Living Heritage of Sri Lanka
 

Garden Spirits Speak Out

by Manik Sandrasagra

For nearly five centuries, Sri Lankans have been listening to the directions of European-minded reformers confident that they can introduce changes for the betterment of our resplendent isle. All too often, in their rush to elevate Sri Lanka to the level of their own expectations, foreign experts fail to understand those aspects of our culture which are the farthest removed from their own cultural world view. The net result, as every Sri Lankan adult knows, has been more conflict and social misery.

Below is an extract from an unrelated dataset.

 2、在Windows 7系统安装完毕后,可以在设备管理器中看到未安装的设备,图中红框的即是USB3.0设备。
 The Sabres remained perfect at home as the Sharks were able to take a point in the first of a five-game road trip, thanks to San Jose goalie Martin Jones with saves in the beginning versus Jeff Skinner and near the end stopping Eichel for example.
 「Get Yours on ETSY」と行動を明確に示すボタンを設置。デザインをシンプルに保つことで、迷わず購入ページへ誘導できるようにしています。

After learning to swallow foreign concepts of national development and human rights, the latest of Sri Lanka's shortcomings, we are told, is the reluctance of our scientists to concern themselves with controversial issues pertaining to the public policy. Specifically, says University of California, Berkeley, law student Scott Sherman in an opinion piece entitled "Who Will Speak Out?" on the February 6 science page of The Island, "Scientists are afraid to get involved in a legal conflict. They refuse to speak out or use their knowledge to help the suffering villagers."

Internship

To his own credit, Scott spent an internship with the Sri Lankan NGO the Environmental Foundation Limited before sounding his call for honesty, integrity and clarity of thought on the part of our nation's scientific community. A law student himself, he contrasts public interest lawyers who "sacrifice life, wealth and comfort to take risks for the public good" with scientists who "sell their souls...to big business development interests" and in the process "become pawns of the wealthy elite, who then checkmate the interests of millions of impoverished citizens."

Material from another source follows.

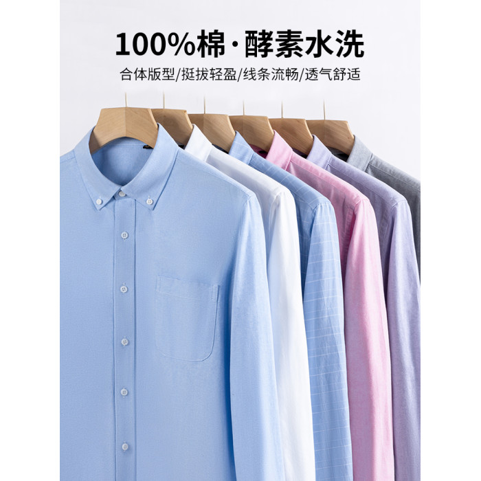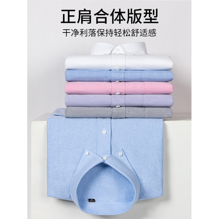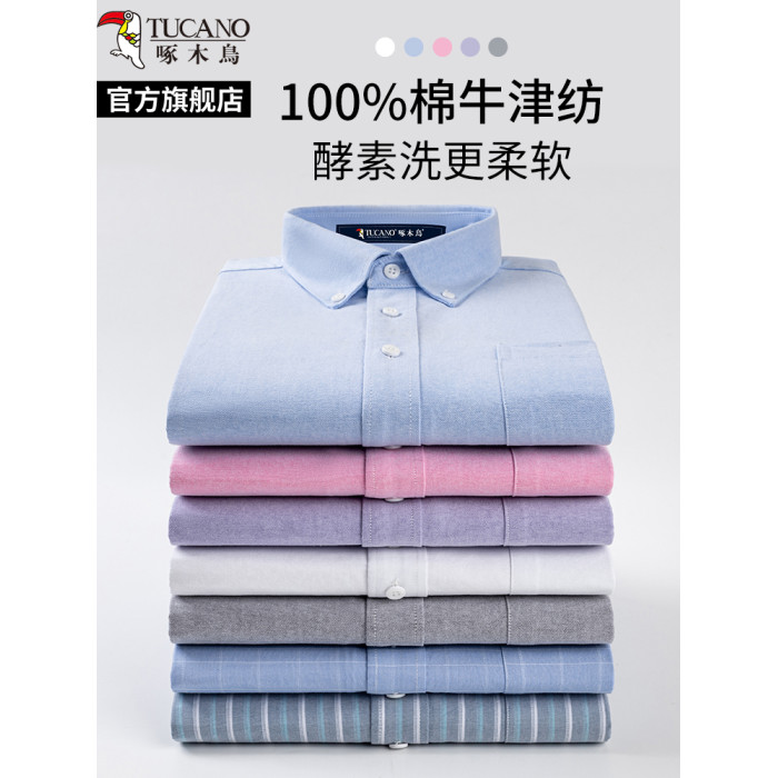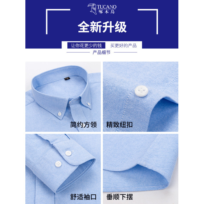 啄木鳥藍色襯衫男士長袖秋季純棉牛津紡免燙抗皺商務休閒白色襯衣

In The Island of January 25 I issued a similar call for debate on the relative merits of ecologically Sustainable Development versus the Newly Industrialized Country model of development. At present only the ecologist Dr. Ranil Senanayake has responded with the accompanying editorial of February 3, 1992. I therefore hasten to respond to this further call since Scott, The Island, and I along with many others share a common concern for the preservation of Sri Lanka's traditional quality of life.

For at least twenty years I and others have been looking for a public-spirited lawyer with Scott's vision, grit, credentials and convictions. Now that I have found one, I would like to air some issues that concern the public environment here in Sri Lanka. At long last we may use this opportunity to conduct an impartial open investigation with the public's Interest as our principal objective.

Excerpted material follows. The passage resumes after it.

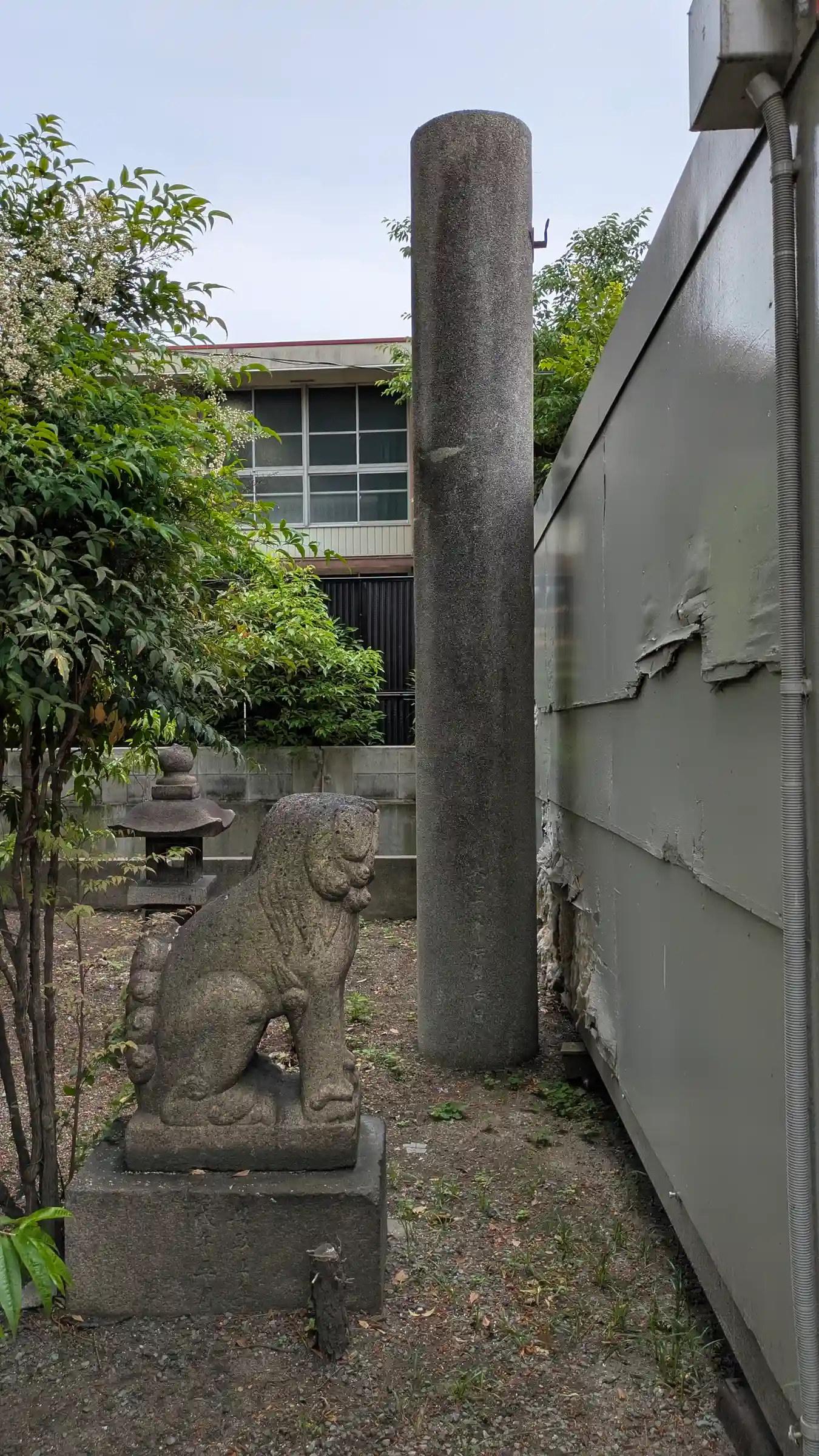 コンテナと狛犬に鳥居跡らしき柱

The subject is cannabis, ganja, marijuana or ‘weed' as some call it.

In 1979, one of the findings of a US Senate Judiciary Committee investigation into cannabis was that "over two hundred million people worldwide use the herb cannabis for medical, spiritual, recreational and industrial purposes." It is therefore evident that a vast international marketing network exists to supply this mainly illegal, demand, and an equally huge paramilitary police force exists for the purpose of restricting the supply to cannabis consumers.

Kitul palm
Kitul palm. In India and other Asian countries, the palm is tapped for its syrup which is often fermented into an alcoholic beverage called toddy.

Illegal overnight

Many years ago when alien laws were introduced into our midst by our colonial masters and their willing servants, both the cannabis plant and the kitul palm were suddenly declared illegal. Neither species was consulted, nor were the villagers who cultivated them.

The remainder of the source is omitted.